Abdul Hameed, 26, a fisherman at Hangol Kund Malir fish market proudly narrates that there are 100 boats in the area and thousand of fisherfolk earn their livelihood through fishery.
"Sometimes the daily catch is about one million rupees but on lean days it may drop to 2000 rupees," he said.
"The catch is transported from Hangol Kund Malir fish market to Damb and Sonmiani in Balochistan and from there it is shifted to Karachi Fish Harbour," he said.
Nature has bestowed Balochistan with oil, gas, uranium, gold, copper and other metallic and non-metallic treasures but sadly enough it has not improved the lot of the poor but very proud people of this land.
Along the road one finds graffiti in favour of slain Pakistan People's Party Chairperson Benazir Bhutto, quite an unusual site in a province that has been harbouring resentment against that party and the federation since 1973 when a military operation was conducted against an impoverished people in the era of Zulfikar Ali Bhutto.
Though one do not witness separatist graffiti on the Balochistan Coastal Highway one does find a slogan of 'BLA' (Balochistan Liberation Army) at one of the milestone indicating it does exist in the province.

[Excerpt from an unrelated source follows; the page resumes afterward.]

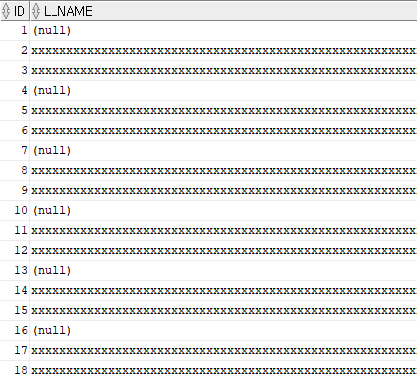 다음으로, 데이터를 삽입합니다. level을 사용하여 1000개의 행을 삽입하며, 행의 크기를 2000 바이트로 맞춥니다. 일부는 NULL로 설정되며, rpad('x', 2000, 'x')을 사용해 각 행의 길이를 2000자로 고정합니다.

After traversing miles of barren land one is amazed when one reaches Gwadar where a new city has emerged amid opposition from the local population that fears it would become a minority on its own land due to internal migration.
Pearl Continental Hotel sits on the top of a hill from where one can see the entire Gwadar City along the mighty and majestic Arabian Sea. The bazaars in the city are full of Iranian goods and gas stations sell Iranian petroleum at a slightly higher price than that in Karachi. Even electricity to the city is supplied from Iran.
Along the beach have cropped up many decent motels that offer good food and accommodation to tourists but the plight of locals have not changed.
"The entire Balochistan depends on the sea. There are no jobs here except fishing," said Majid, 30, a boat-maker.
He said a boat costs 180,000 rupees and 11-12 boats are made in Gwadar every day.
"I am not educated because there is no such facility here but I earn 50,000-60,000 rupees every three months through boat-making," he said. "Three craftsmen are needed to make a boat and about 250 people are involved in this profession in Gwadar."